A second is that airline hiring and training standards have been high enough that most non-military pilots have had extensive experience and been screened by multiple employers before being hired by an airline. (The copilot on the Germanwings flight could not have been an airline pilot in the U.S. because he lacked the 1,500 hours of flight experience required to have an Airline Transport Pilot certificate.)

Today, far fewer newly hired pilots now have prior military experience, which means that we need an ever more robust system that combines screening, self-reporting — and a healthy dose of realism.

Depression is a common mood disorder, and we cannot think that because a pilot has not experienced it in the past, he or she never will do so in the future.

I spoke with Stuart Eisendrath, MD, Director of the UCSF Depression Center, who said, “Self-reporting of symptoms is the most important way to diagnose depression.” With appropriate treatment, he added, depression does not have to be career-ending. “But having an open environment to raise the diagnosis of depression is an important step in this process.”

Until 2010, the Federal Aviation Administration took a hard line on mood disorders: One depressive episode could be career-ending.
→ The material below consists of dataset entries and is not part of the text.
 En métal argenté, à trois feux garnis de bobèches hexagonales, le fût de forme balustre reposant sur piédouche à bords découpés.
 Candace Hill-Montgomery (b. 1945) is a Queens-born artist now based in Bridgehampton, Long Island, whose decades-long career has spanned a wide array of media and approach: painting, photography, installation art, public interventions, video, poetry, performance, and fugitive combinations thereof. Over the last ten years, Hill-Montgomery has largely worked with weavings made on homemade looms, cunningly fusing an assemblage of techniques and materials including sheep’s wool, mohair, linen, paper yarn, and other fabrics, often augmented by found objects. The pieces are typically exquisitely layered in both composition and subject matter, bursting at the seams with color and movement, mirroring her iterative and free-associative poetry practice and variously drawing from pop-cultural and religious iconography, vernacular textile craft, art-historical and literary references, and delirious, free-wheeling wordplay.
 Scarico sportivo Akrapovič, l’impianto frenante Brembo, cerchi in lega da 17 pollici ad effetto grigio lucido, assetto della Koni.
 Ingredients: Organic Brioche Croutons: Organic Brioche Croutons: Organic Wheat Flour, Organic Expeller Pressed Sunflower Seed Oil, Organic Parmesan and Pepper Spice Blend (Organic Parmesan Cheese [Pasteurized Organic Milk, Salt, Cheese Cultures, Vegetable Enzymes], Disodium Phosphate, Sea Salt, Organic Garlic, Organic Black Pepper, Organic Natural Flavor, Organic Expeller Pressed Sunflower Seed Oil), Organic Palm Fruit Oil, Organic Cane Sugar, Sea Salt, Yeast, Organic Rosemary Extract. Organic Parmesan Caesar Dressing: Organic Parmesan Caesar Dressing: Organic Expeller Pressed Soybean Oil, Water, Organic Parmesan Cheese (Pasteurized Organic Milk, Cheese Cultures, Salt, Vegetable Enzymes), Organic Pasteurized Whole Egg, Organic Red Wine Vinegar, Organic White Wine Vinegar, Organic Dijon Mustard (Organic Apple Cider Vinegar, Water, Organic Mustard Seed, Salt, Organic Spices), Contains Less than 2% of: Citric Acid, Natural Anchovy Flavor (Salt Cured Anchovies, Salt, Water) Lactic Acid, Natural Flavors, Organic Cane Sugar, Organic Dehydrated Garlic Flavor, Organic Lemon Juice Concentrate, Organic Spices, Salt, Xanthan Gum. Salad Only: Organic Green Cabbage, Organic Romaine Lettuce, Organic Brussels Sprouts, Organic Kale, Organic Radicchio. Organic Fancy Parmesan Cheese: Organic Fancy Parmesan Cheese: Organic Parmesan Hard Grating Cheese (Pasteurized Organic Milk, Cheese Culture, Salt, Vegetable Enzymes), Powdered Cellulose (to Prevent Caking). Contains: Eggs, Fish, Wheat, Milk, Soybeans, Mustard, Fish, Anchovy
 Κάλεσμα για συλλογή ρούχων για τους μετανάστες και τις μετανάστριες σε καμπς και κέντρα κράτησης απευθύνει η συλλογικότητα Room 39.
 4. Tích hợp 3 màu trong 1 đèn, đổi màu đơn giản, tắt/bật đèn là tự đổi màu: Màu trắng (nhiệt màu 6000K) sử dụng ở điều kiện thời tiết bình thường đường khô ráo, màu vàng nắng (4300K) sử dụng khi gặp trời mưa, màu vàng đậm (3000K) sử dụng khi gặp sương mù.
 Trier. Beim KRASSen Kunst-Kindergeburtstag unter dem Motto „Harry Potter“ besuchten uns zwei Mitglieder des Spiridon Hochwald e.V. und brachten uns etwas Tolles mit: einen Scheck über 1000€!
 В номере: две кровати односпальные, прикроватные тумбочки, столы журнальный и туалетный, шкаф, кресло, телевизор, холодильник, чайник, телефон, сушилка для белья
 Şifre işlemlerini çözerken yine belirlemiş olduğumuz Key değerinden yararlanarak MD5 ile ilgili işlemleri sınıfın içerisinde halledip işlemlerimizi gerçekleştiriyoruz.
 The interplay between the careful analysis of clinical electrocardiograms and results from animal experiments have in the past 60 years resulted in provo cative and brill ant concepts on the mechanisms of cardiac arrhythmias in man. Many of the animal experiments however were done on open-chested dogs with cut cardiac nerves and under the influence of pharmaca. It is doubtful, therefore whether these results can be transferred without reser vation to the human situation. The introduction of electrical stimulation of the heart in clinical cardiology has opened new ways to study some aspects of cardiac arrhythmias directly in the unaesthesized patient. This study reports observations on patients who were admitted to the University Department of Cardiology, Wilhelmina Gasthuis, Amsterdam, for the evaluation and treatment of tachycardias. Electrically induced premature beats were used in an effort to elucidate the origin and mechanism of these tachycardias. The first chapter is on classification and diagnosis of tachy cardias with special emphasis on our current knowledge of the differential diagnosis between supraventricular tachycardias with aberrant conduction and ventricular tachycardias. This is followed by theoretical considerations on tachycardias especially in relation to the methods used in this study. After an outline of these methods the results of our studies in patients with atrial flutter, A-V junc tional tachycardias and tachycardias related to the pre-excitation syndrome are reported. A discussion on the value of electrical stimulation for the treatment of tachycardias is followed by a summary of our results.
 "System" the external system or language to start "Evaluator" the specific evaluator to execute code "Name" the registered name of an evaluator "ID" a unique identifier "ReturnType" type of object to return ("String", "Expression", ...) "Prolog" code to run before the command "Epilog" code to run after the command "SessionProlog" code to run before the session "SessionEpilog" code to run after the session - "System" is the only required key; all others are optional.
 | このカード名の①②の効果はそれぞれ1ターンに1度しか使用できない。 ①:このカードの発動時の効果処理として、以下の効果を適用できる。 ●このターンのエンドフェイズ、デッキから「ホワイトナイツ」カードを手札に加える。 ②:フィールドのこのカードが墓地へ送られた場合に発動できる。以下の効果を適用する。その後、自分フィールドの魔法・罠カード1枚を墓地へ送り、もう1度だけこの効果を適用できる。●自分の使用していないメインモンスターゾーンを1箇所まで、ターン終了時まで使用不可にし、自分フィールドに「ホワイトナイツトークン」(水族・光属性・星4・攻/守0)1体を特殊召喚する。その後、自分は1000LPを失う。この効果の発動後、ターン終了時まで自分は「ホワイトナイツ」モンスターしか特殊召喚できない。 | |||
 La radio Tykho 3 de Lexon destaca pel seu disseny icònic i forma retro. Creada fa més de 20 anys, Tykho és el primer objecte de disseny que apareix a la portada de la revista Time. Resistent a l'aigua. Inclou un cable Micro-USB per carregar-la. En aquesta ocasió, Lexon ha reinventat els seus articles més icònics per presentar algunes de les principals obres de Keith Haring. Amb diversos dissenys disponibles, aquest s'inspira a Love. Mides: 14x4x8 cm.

It now takes a more enlightened approach, offering a few more options for pilots to seek treatment. But we must do everything possible to ensure that all the elements that go into ensuring passenger safety fit together within a culture that makes them effective.

Let us move forward in honoring the victims of this tragedy by having a global conversation about how to ensure that all such standards and best practices are complied with in every profession where people’s safety is on the line.